I know I should have sought advice from someone, but really, I didn’t have anyone to confide in.  My mother was nifter when I was fourteen and I had two older brothers.  I felt ashamed to reach out to my aunts and I didn’t have close friends I could trust with such information. So I zipped my lip and suffered in silence – for fifty years.

I knew he hated me.  He would pour grease and tar on my clothing and leave them in my closet.  He would turn off the stove under food I was cooking (for Yom Tov and Shabbos) so that by the time I noticed it, the food would be half raw when it was served.  He would send nasty letters to people and sign my name.  And he would open all my mail and often remove checks made out to me, then endorse and cash them. These are some of the little things he did to squeeze my life out of me; I can’t even bring myself to tell you the worse ones.

So, when he died on the snowy, icy highway night two weeks ago, I felt this unbelievable sense of lightness, as if some huge weight had been lifted off my soul.  I felt no guilt, no remorse and no sadness, only a new sense of total peace and relief.  The torment had finally stopped.

As I said, I played a convincing role at the levaya and during the shiva, for my children.  There were no tears, as they had all been spilled during those years of misery and enslavement.  My children are loving and wonderful people, and I have no regrets for the 50 years during which I kept quiet.

What I do regret is what a waste my life has been and my mind races with thoughts of what I have to look forward. I am not a mean person, and I never wished death on him, but am I despicable for the thoughts and the joy that fill my life now that he’s gone?


Dear Friend,

First, let me express my condolences to your children on the loss of their loving and devoted father.  That he was a wonderful father to them alone makes him worthy of that recognition.  To you I say, “Boruch Dayan HaEmes.” This is your “Yovel” year and you have earned the right to enjoy the rest of your life as you wish.  I can only imagine the mental anguish you went through all those years and commend you for your discretion and your ability to keep it to yourself without losing your sanity. You are correct that this is what allowed your children to grow up healthy and mentally sound without any emotional baggage to take into their own marriages.

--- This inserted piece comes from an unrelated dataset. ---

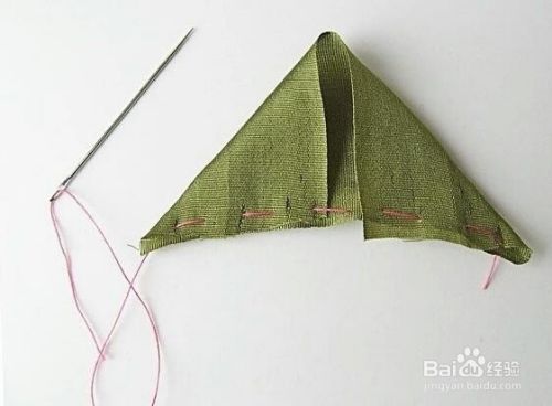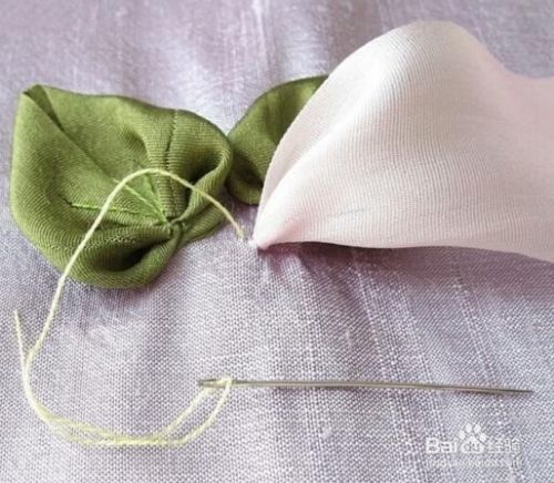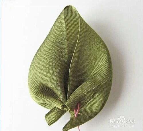 取出针线并穿好,在固定针的位置缝合,缝完之后拉紧线,并固定线在剪断,一共要做两个叶子。按同样的步骤,在做一个出来。

Judge you adversely, dear friend?  Hardly. It is not my place to pass judgement; surely you know this from the first response I sent you those many years ago.  I cautioned you on three things, the first of which was the possibility of your abusive husband turning on your children in time as well.  The second was that verbal abuse may turn into physical violence. I warned you to be aware of the danger in which you would be placing yourself and your children, and that you should come up with an exit plan should that happen.  And, lastly, I encouraged you to speak to a professional, someone who could help you formulate your options and help you make the right decisions.  That was all I could offer you then, based on the tone and content of your letter.  That you chose to stay and make this sacrifice on your children’s behalf is nothing short of noble.  In that zechus, Hakodosh Boruch Hu stood behind you and lifted you up, giving you the strength not to fall.  Not everyone would be able to withstand what you did.

Sad and joy are both three letter words separated by a universe of interpretation.  All of us find different levels and meanings to those words and though they are polar opposites, on rare occasions, one can experience both simultaneously.  May the joy outweigh the sad memories in the coming days. You have defiantly earned the right to look forward to a bright and happy future.  Don’t look back; rather look ahead to enjoying your golden years with your children and grandchildren in peace and good health.